Interviews from MMC’s 4Mi data collection programme show that many migrants and refugees are at least partially aware of the risks they face, though the dangers may be much greater than they anticipated. According to recent 4Mi data, 95% of Ethiopians interviewed[1] in East Africa before departing for Yemen felt that they were aware of the risks on the route. Even with some knowledge of the risks, the conflict in Yemen provides new dangers for refugees and migrants and an unpredictable landscape for migrants and refugees to navigate to avoid active fighting, detention, and abuse. As such, in 4Mi interviews with migrants and refugees who had arrived in Yemen in the last year[2], 79% of respondents said they would not encourage others to migrate after their experience traveling along this route.

In spite of these brutal conditions in Yemen and Saudi Arabia, the arrival of (a majority of Ethiopian) migrants and refugees to Yemen will likely continue. Interviews with refugees and migrants in Djibouti and Somalia show that perceived economic opportunities in Saudi Arabia outweigh the risks of the journey, and they feel that migration may be their only chance for a better life. Recent data from 4Mi shows that 94% of Ethiopians interviewed in Somalia and Djibouti were moving to find a better job and of those, 99% hoped to make it to Gulf countries, stating the  better chance of finding a job. With a per capita income of $783 and  a high (17.5%) unemployment rate, Ethiopia remains one of the  poorest countries in the world. Hundreds of thousands of Ethiopians have over the years left the country in search of economic opportunities, many joining mixed migration flows to Saudi Arabia and the Gulf.

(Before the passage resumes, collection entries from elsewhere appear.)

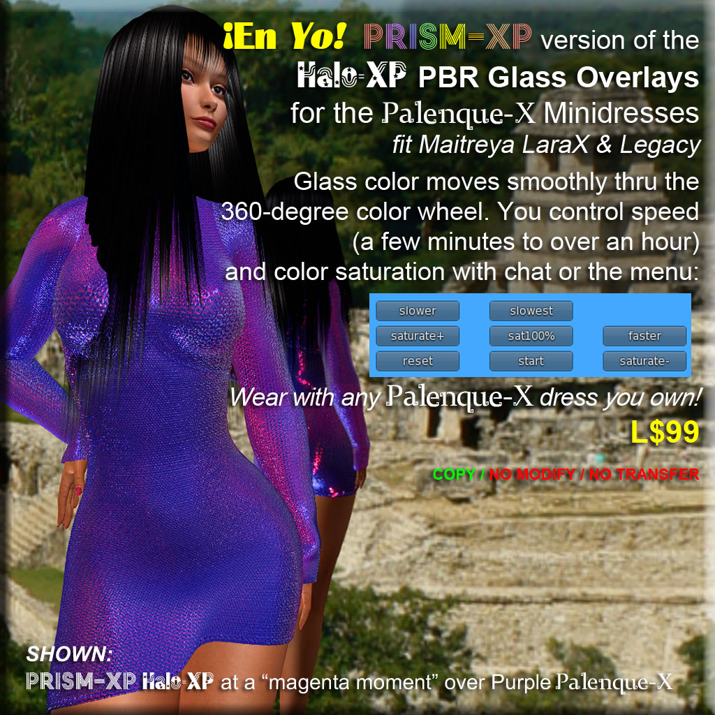 Two unique ¡En Yo! projects come together again in this new PRISM-XP version of my HALO-XP PBR Glass Overlays! Wear any color Palenque-X and the PBR glass Halo-XP will slowly change color, creating a whole range of amazing effects. Like Palenque-X/XP it works on LaraX and Legacy.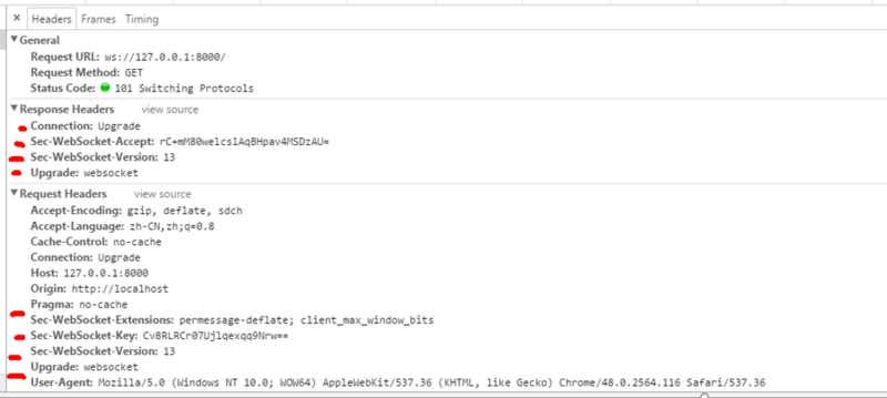 前面说了WebSocket与HTTP有交集的,或者可以说WebSocket借助了HTTP的基础就是体现在这里了,可以看到图中的红点,分别是WebSocket的请求头和响应头,一来一回,握手也就完成了,实时连接也就建立起来了!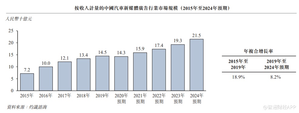 事实上,我国整个汽车广告市场已逐渐趋于饱和,据弗若斯特沙利文数据显示,从2019至2024年,汽车广告市场年复合增速仅有3.3%。不过,饱和的市场中仍有结构性的机会,网上车市所在的汽车新媒体领域便是如此。据弗若斯特沙利文数据显示,从2019至2024年,汽车新媒体广告行业的年复合增速为8.2%,较整个汽车广告行业高出近5个点。

The importance of remittances for Ethiopian and Somali households and communities, continued political unrest in the region, and the well-established migration patterns of East Africans traveling to the Gulf for work will continue to drive people to embark on the route to Yemen. 4Mi data shows that many refugees and migrants interviewed on this route (75%) indicated that their decision to leave was influenced by friends and family abroad or returning migrants. Although the information may not be fully accurate, the guidance migrants and refugees receive from their social networks can influence decisions, and inform how they plan their trip. The belief that they will find work in the Gulf, the short duration of the journey and relatively cheap cost of the trip (the average cost from Ethiopia to Saudi Arabia is less than 600 USD) continues to make this route popular for migrants and refugees from East Africa.

What next?

How the ongoing conflict in Yemen will impact future mixed migration through the country remains to be fully understood. The influx of people over the last few months indicates that mixed migration from East Africa to Yemen (and onwards to Saudi Arabia and other Gulf countries) will continue even if the war intensifies. Despite the risks, the potential opportunities for a better life push people to embark on this route, now more than ever. Further, more restrictions on legal options for work could actually increase mixed migration along this route, as recent trends suggest.

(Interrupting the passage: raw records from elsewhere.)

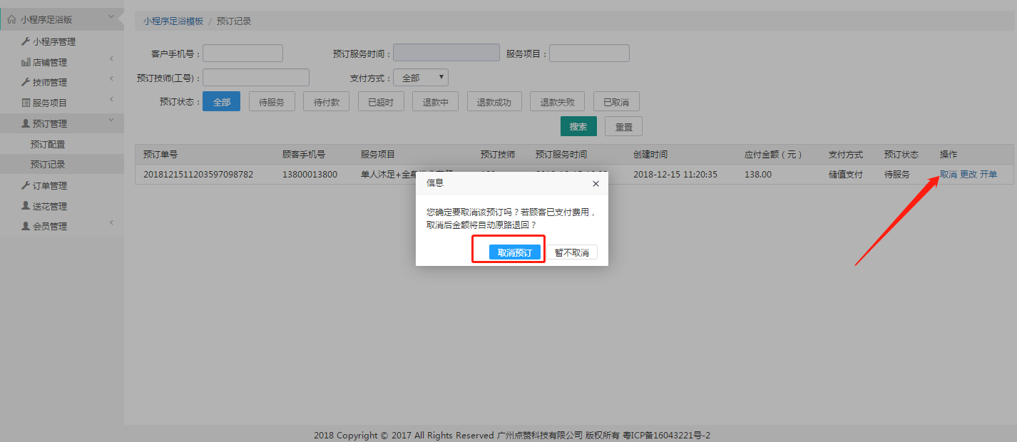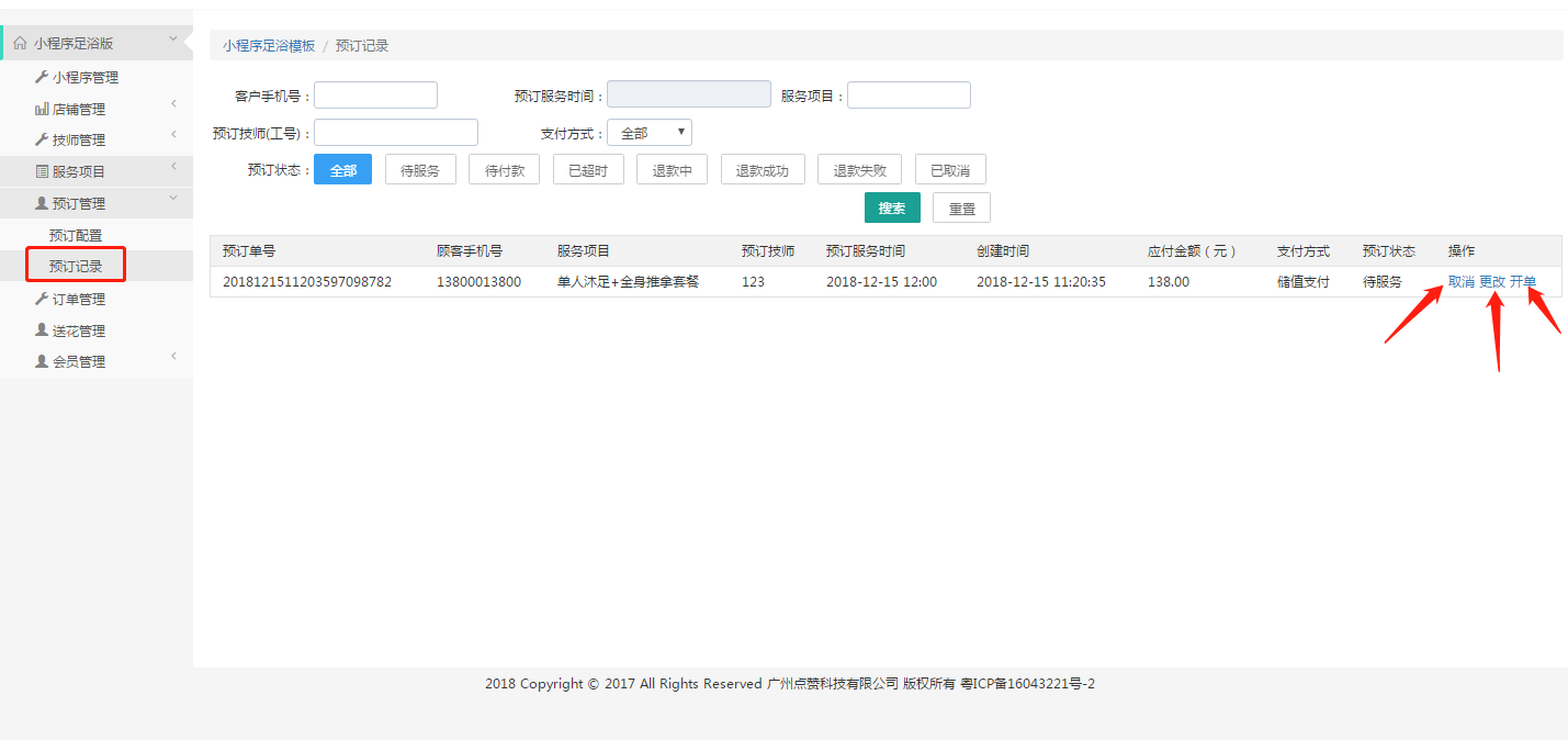 用户在小程序里预约之后,可以查看顾客的预约记录单,通过客户手机号码,预约时间,项目或者预定状态等进行搜索
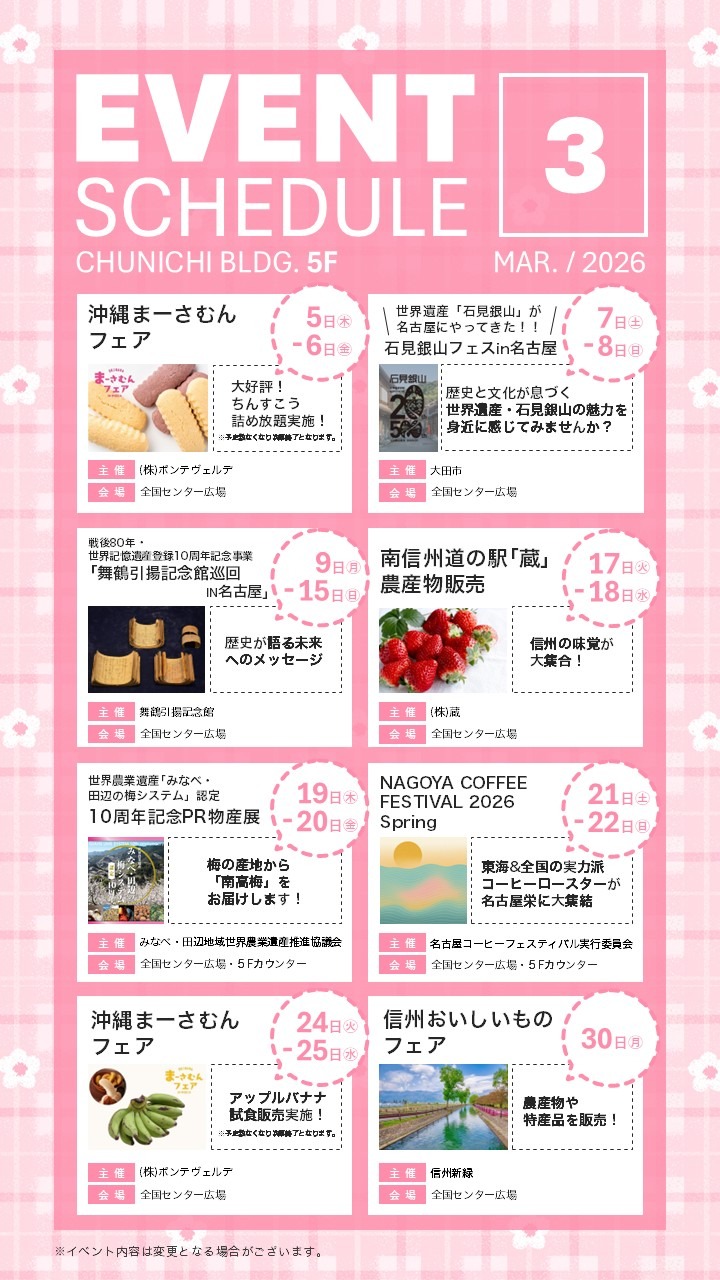 2026.2.26 全国センター広場2026年3月度 イベント 2026年3月イベント案内 PDFファイル 2026年3月 EVENT SCHEDULE - CHUNICHI BLDG.(1.00MB)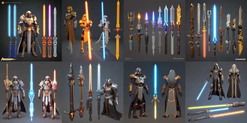 OK,按照以上原则,我们修改一下我们的提示词,看看生成了什么,的确加了 different types of 后,光剑就多了,问题解决了: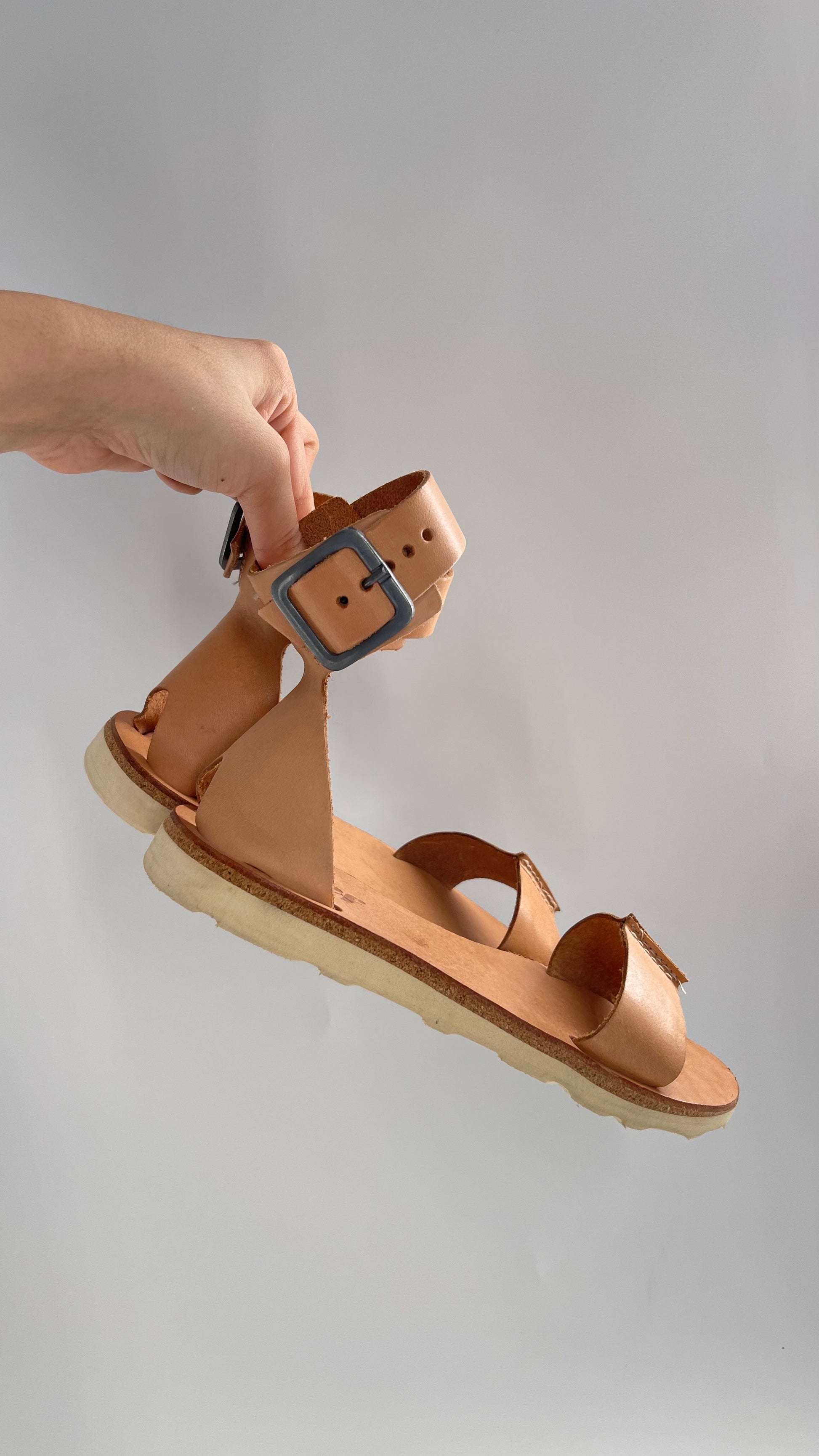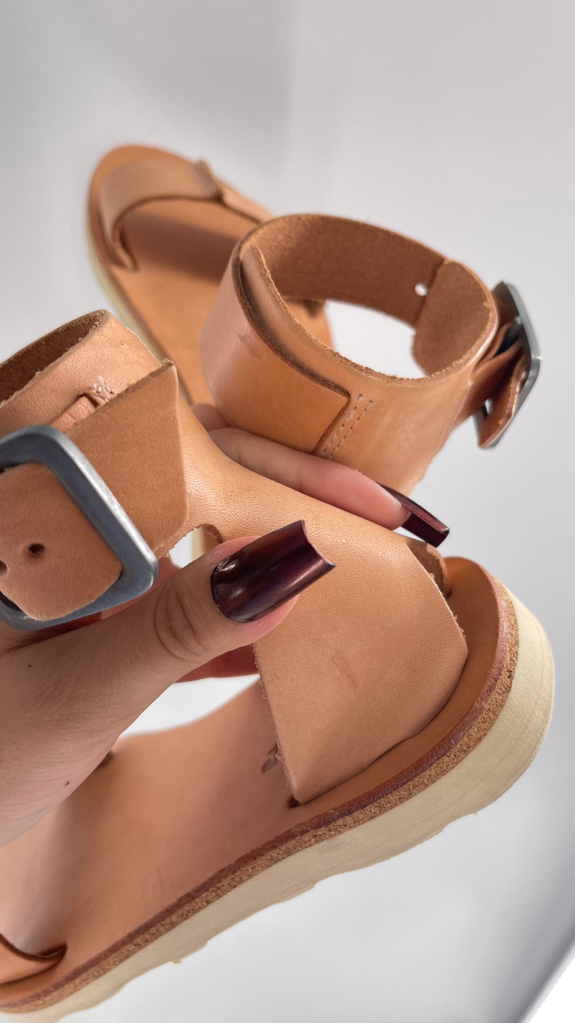 Free People Reef Light Nude / Tan Leather Sandals with Thick Ankle Strapped Buckle (6)

Over the next year, challenging political situations and large populations of internally displaced people in Ethiopia and Somalia could further stress limited services and economic opportunities at home, pushing more people to leave in search of jobs and security. With a lack of viable legal options, many migrants and refugees set on finding work in Saudi Arabia and other Gulf countries will find other and often unsafe routes to travel. The deteriorating situation in Yemen will continue to create dangerous situations for migrants and refugees, however traveling through Yemen to reach Saudi Arabia will likely remain a dominant route in the months and years to come.

[1] Analysis of 323 Ethiopians interviewed in Djibouti, Somaliland, and Puntland since January 2017.

[2] 33 interviewees (6 Somalis, 1 Djiboutian and 26 Ethiopians) interviewed between September 2018 and May 2019.